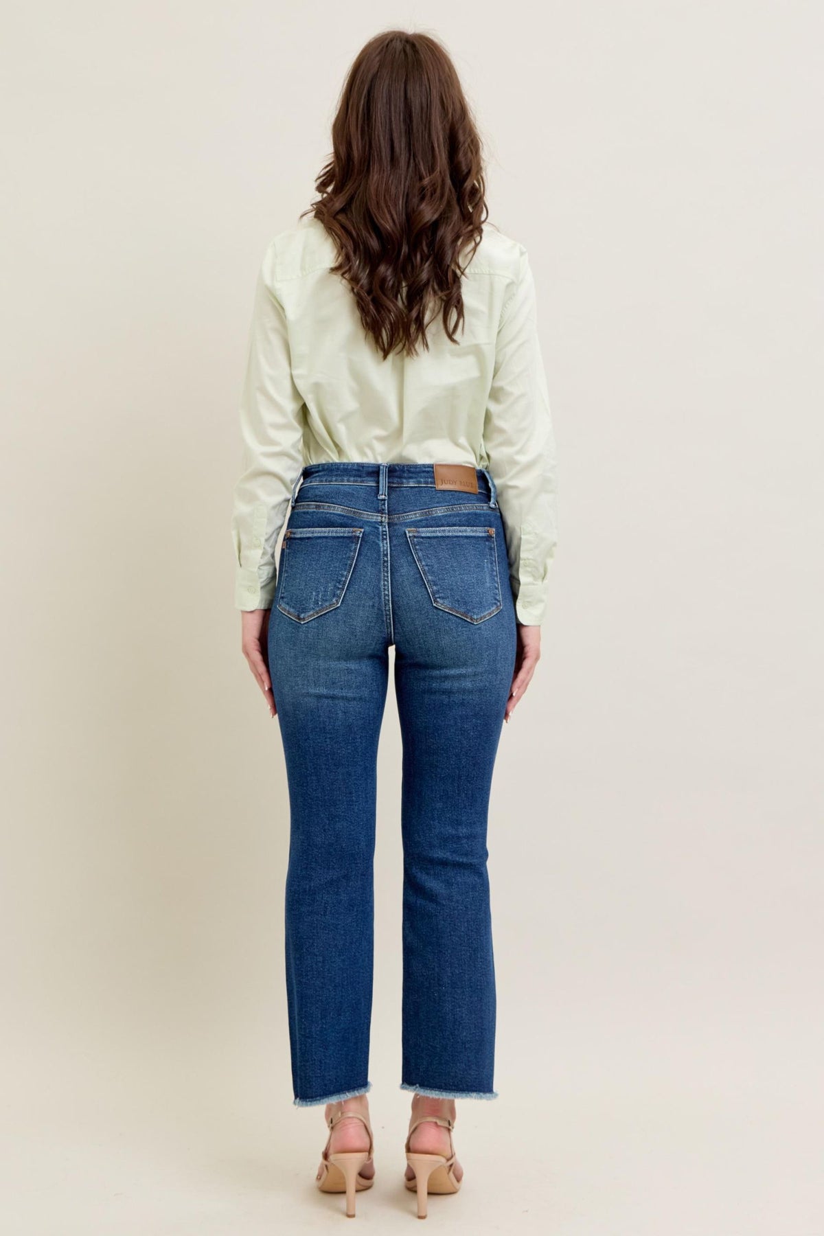 JUDY BLUE High Waist Shark Bite Hem Skinny Jean - Available in Misses and Plus Sizes
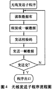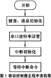 程序上電初始化后,處于等待狀態。當串口中斷一來I臨,優先處理串口中斷.發送無線數據是通過鍵盤、菜單控制。移動控制器主程序流程圖見圖3;無線發送子程序見圖4。
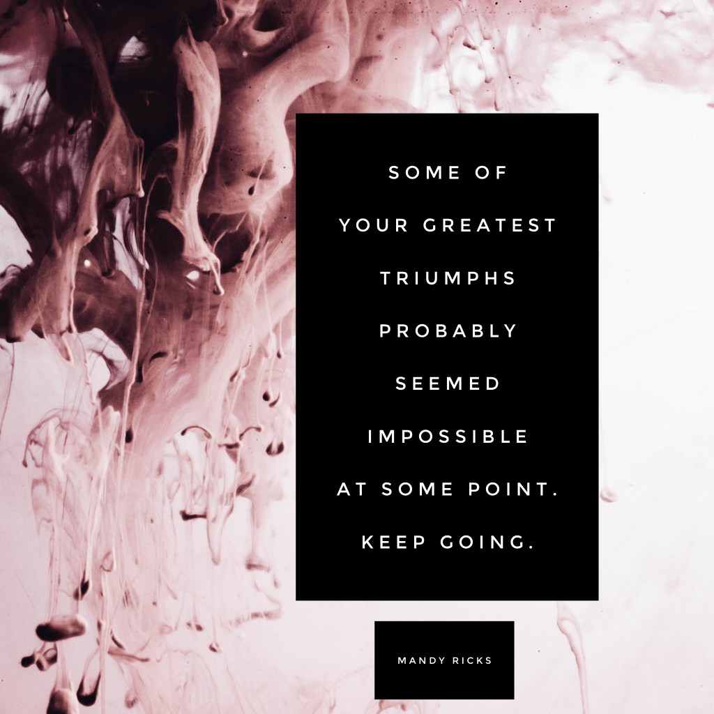 Keep going On February 11, 2023 By AmandaIn Quotes Some of your greatest triumphs probably seemed impossible at some point. Keep going. -Mandy Ricks Share this: Click to share on X (Opens in new window) X Click to share on Facebook (Opens in new window) Facebook More Click to print (Opens in new window) Print Click to share on LinkedIn (Opens in new window) LinkedIn Click to share on Tumblr (Opens in new window) Tumblr Click to share on Pinterest (Opens in new window) Pinterest Click to share on Pocket (Opens in new window) Pocket Like Loading... Related
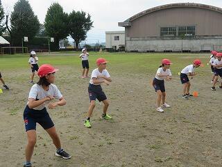 今日は雨が降りませんでした。どの学年も運動場に出て、運動会の練習をしました。5・6年生は、本番に向けて全ての競技・演技をやってみました。
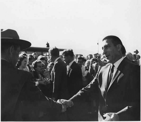 | Keywords: Presidential party at the park - NARA - 286006.tif Scope and content Pictures of Kennedy in a group of tourists; Kennedy Udall and McGee shaking hands; Udall observing a crowd; Kennedy and Udall squinting into the sun at the foot of the airplane stairs General notes 286006 Local identifier Department of the Interior National Park Service Midwest Region 06/1962 - NARA's Central Plains Region Kansas City NREA 400 West Pershing Road Kansas City MO 64108 1963 Record group Record Group 79 Records of the National Park Service 1785 - 2006 Record group ARC 408 General Files compiled 1951 - 1964 Series ARC 285987 File unit File unit ARC Variant control numbers NAIL Control Number NRE-79-MR GF -1265 yes Other versions <gallery> File Presidential_party_at_the_park_-_NARA_-_286006 tif tif File Presidential_party_at_the_park_-_NARA_-_286006 jpg jpg </gallery> NARA-cooperation PD-USGov NARA TIF images with categorized JPGs Stewart Udall |
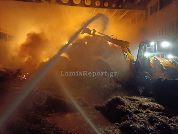 Στο σημείο έσπευσαν 12 πυροσβεστικά οχήματα και μία Ομάδα ΕΜΟΔΕ, που έδωσαν μάχη με τις φλόγες, καθώς καταστράφηκαν περίπου 2.500 μπάλες τριφυλλιού, βρώμης και κριθαριού.
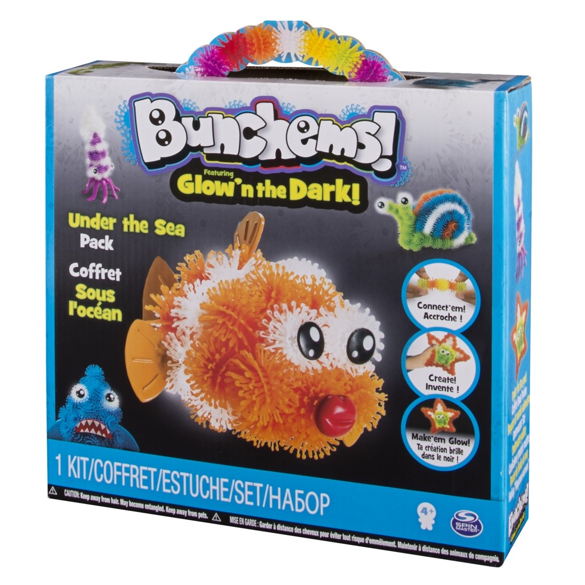 Ściskaj, łącz i twórz z rzepami Bunchems! Te małe kolorowe kulki łączą się ze sobą, tworząc niesamowite konstrukcje. Stwórz świecącego w ciemności rekina przy pomocy dołączonej instrukcji. Możesz też użyć swojej wyobraźni i zbudować własne morskie stworzenie! W tym wyjątkowym zestawie znajdziesz dodatkowe rzepy, które świecą w ciemności co pozwoli jeszcze bardziej wzbogadzić zabawę! Łącz je i rozrywaj z rzepami Bunchems masz nieograniczone możliwości!
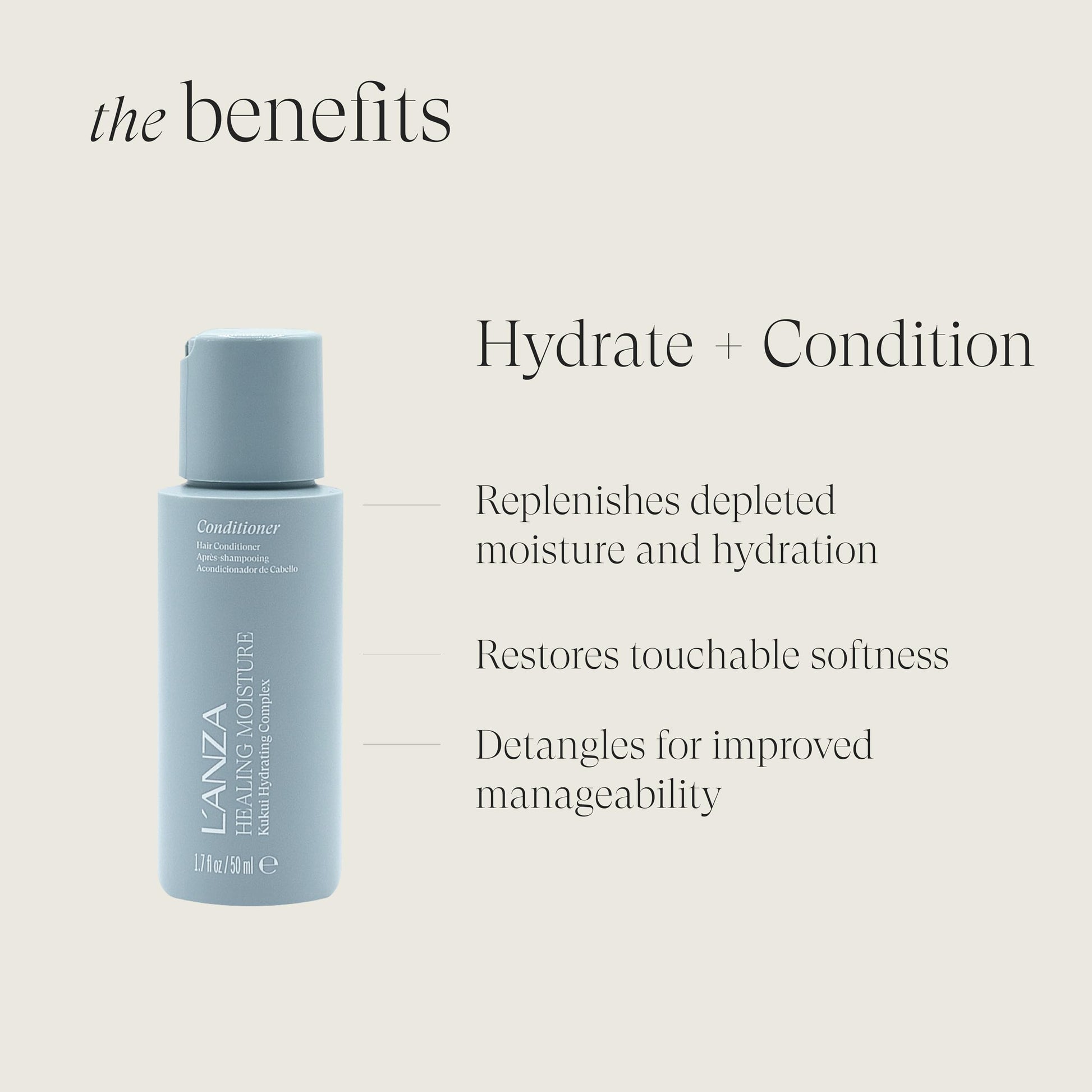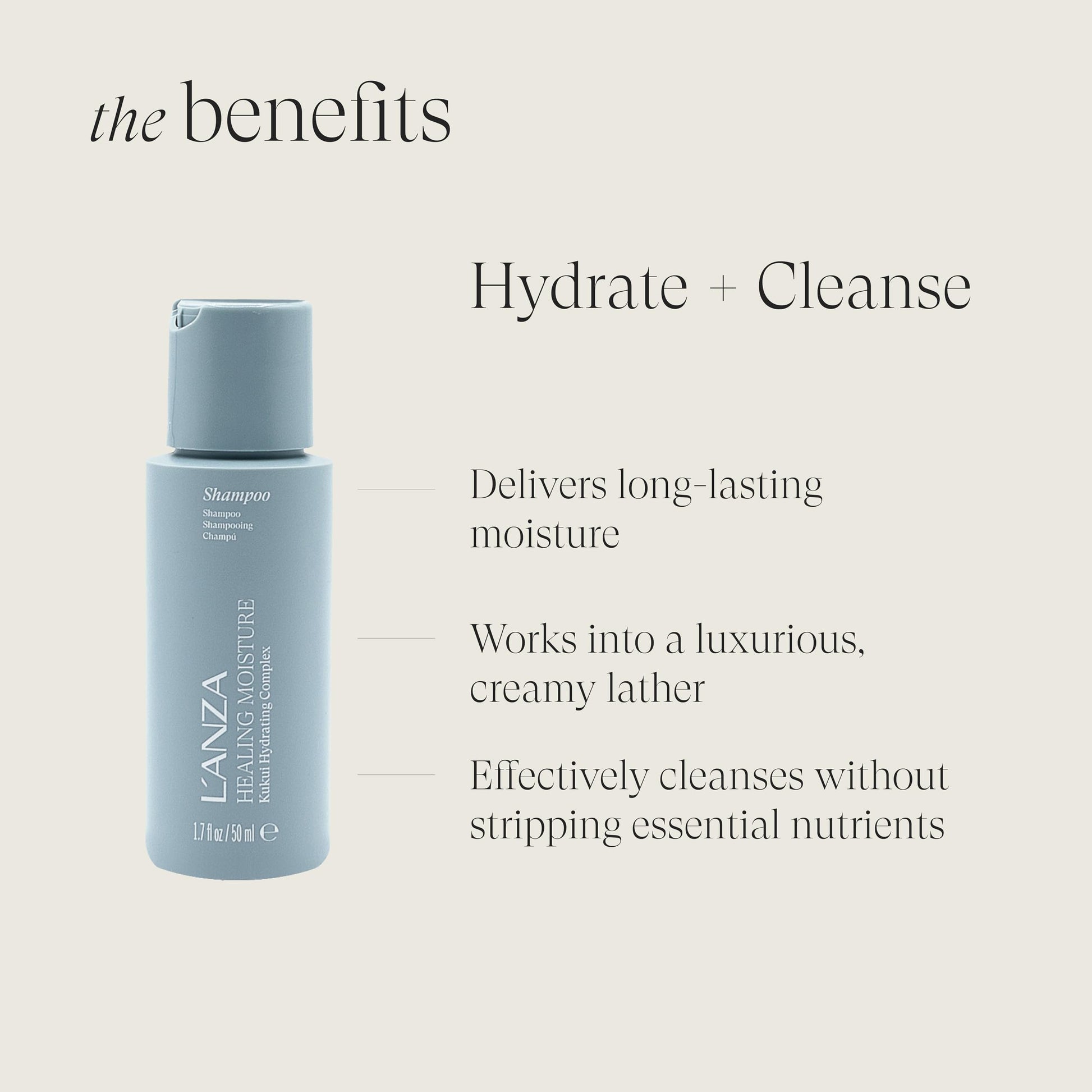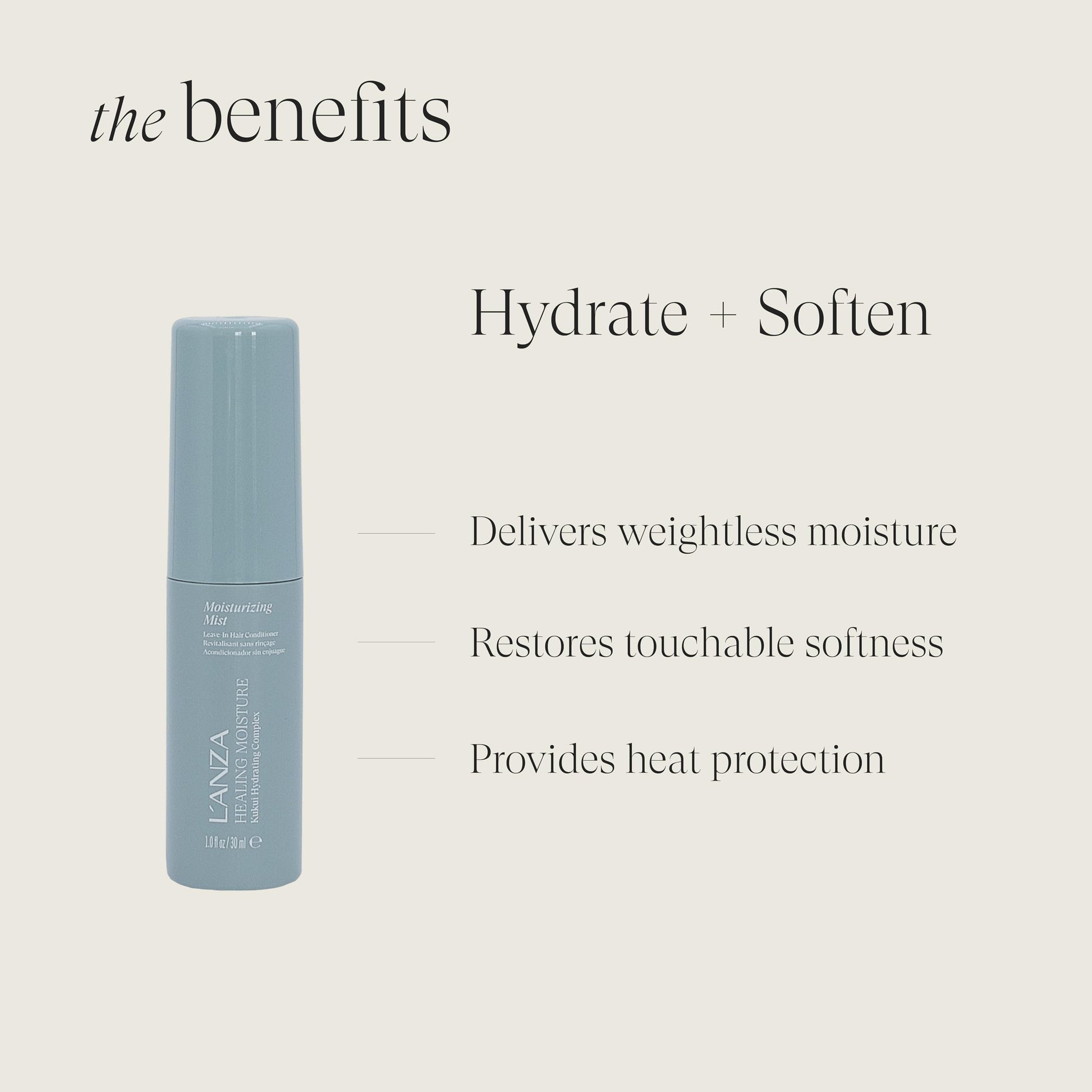 Details: L’ANZA Healing Moisture Mini Try Me & Travel Size Kit instantly hydrates and revives dry, dull, or brittle hair with weightless moisture and shine. This nourishing leave-in mist detangles, softens, and smooths strands while reducing frizz and restoring elasticity. Infused with Tahitian Tamanu Nut Oil and Polynesian Gugo Bark, it replenishes hydration deep within the hair fiber, helping prevent breakage and dryness. The lightweight, non-greasy formula protects against heat and environmental stress while leaving hair touchably soft, silky, and radiant. Perfect for daily use to refresh and condition all hair types. Lightweight leave-in conditioning mist for dry, dehydrated hair Instantly hydrates, detangles, and softens without buildup Enriched with Tahitian Tamanu Nut Oil and Polynesian Gugo Bark Restores elasticity, smoothness, and healthy shine Provides heat and humidity protection to fight frizz and dryness Ideal for all hair types—curly, fine, wavy, or straight Cruelty free, sulfate free, paraben free Moisturizing Shampoo 1.7 fl oz, Conditioner 1.7 fl oz & Mist Spray 1 fl oz

- What this task involves
Could you output all the entries above exactly as written, leaving out the pictures?

- Completed task
 JUDY BLUE High Waist Shark Bite Hem Skinny Jean - Available in Misses and Plus Sizes
 程序上電初始化后,處于等待狀態。當串口中斷一來I臨,優先處理串口中斷.發送無線數據是通過鍵盤、菜單控制。移動控制器主程序流程圖見圖3;無線發送子程序見圖4。
 Keep going On February 11, 2023 By AmandaIn Quotes Some of your greatest triumphs probably seemed impossible at some point. Keep going. -Mandy Ricks Share this: Click to share on X (Opens in new window) X Click to share on Facebook (Opens in new window) Facebook More Click to print (Opens in new window) Print Click to share on LinkedIn (Opens in new window) LinkedIn Click to share on Tumblr (Opens in new window) Tumblr Click to share on Pinterest (Opens in new window) Pinterest Click to share on Pocket (Opens in new window) Pocket Like Loading... Related
 今日は雨が降りませんでした。どの学年も運動場に出て、運動会の練習をしました。5・6年生は、本番に向けて全ての競技・演技をやってみました。
 | Keywords: Presidential party at the park - NARA - 286006.tif Scope and content Pictures of Kennedy in a group of tourists; Kennedy Udall and McGee shaking hands; Udall observing a crowd; Kennedy and Udall squinting into the sun at the foot of the airplane stairs General notes 286006 Local identifier Department of the Interior National Park Service Midwest Region 06/1962 - NARA's Central Plains Region Kansas City NREA 400 West Pershing Road Kansas City MO 64108 1963 Record group Record Group 79 Records of the National Park Service 1785 - 2006 Record group ARC 408 General Files compiled 1951 - 1964 Series ARC 285987 File unit File unit ARC Variant control numbers NAIL Control Number NRE-79-MR GF -1265 yes Other versions <gallery> File Presidential_party_at_the_park_-_NARA_-_286006 tif tif File Presidential_party_at_the_park_-_NARA_-_286006 jpg jpg </gallery> NARA-cooperation PD-USGov NARA TIF images with categorized JPGs Stewart Udall |
 Στο σημείο έσπευσαν 12 πυροσβεστικά οχήματα και μία Ομάδα ΕΜΟΔΕ, που έδωσαν μάχη με τις φλόγες, καθώς καταστράφηκαν περίπου 2.500 μπάλες τριφυλλιού, βρώμης και κριθαριού.
 Ściskaj, łącz i twórz z rzepami Bunchems! Te małe kolorowe kulki łączą się ze sobą, tworząc niesamowite konstrukcje. Stwórz świecącego w ciemności rekina przy pomocy dołączonej instrukcji. Możesz też użyć swojej wyobraźni i zbudować własne morskie stworzenie! W tym wyjątkowym zestawie znajdziesz dodatkowe rzepy, które świecą w ciemności co pozwoli jeszcze bardziej wzbogadzić zabawę! Łącz je i rozrywaj z rzepami Bunchems masz nieograniczone możliwości!
 Details: L’ANZA Healing Moisture Mini Try Me & Travel Size Kit instantly hydrates and revives dry, dull, or brittle hair with weightless moisture and shine. This nourishing leave-in mist detangles, softens, and smooths strands while reducing frizz and restoring elasticity. Infused with Tahitian Tamanu Nut Oil and Polynesian Gugo Bark, it replenishes hydration deep within the hair fiber, helping prevent breakage and dryness. The lightweight, non-greasy formula protects against heat and environmental stress while leaving hair touchably soft, silky, and radiant. Perfect for daily use to refresh and condition all hair types. Lightweight leave-in conditioning mist for dry, dehydrated hair Instantly hydrates, detangles, and softens without buildup Enriched with Tahitian Tamanu Nut Oil and Polynesian Gugo Bark Restores elasticity, smoothness, and healthy shine Provides heat and humidity protection to fight frizz and dryness Ideal for all hair types—curly, fine, wavy, or straight Cruelty free, sulfate free, paraben free Moisturizing Shampoo 1.7 fl oz, Conditioner 1.7 fl oz & Mist Spray 1 fl oz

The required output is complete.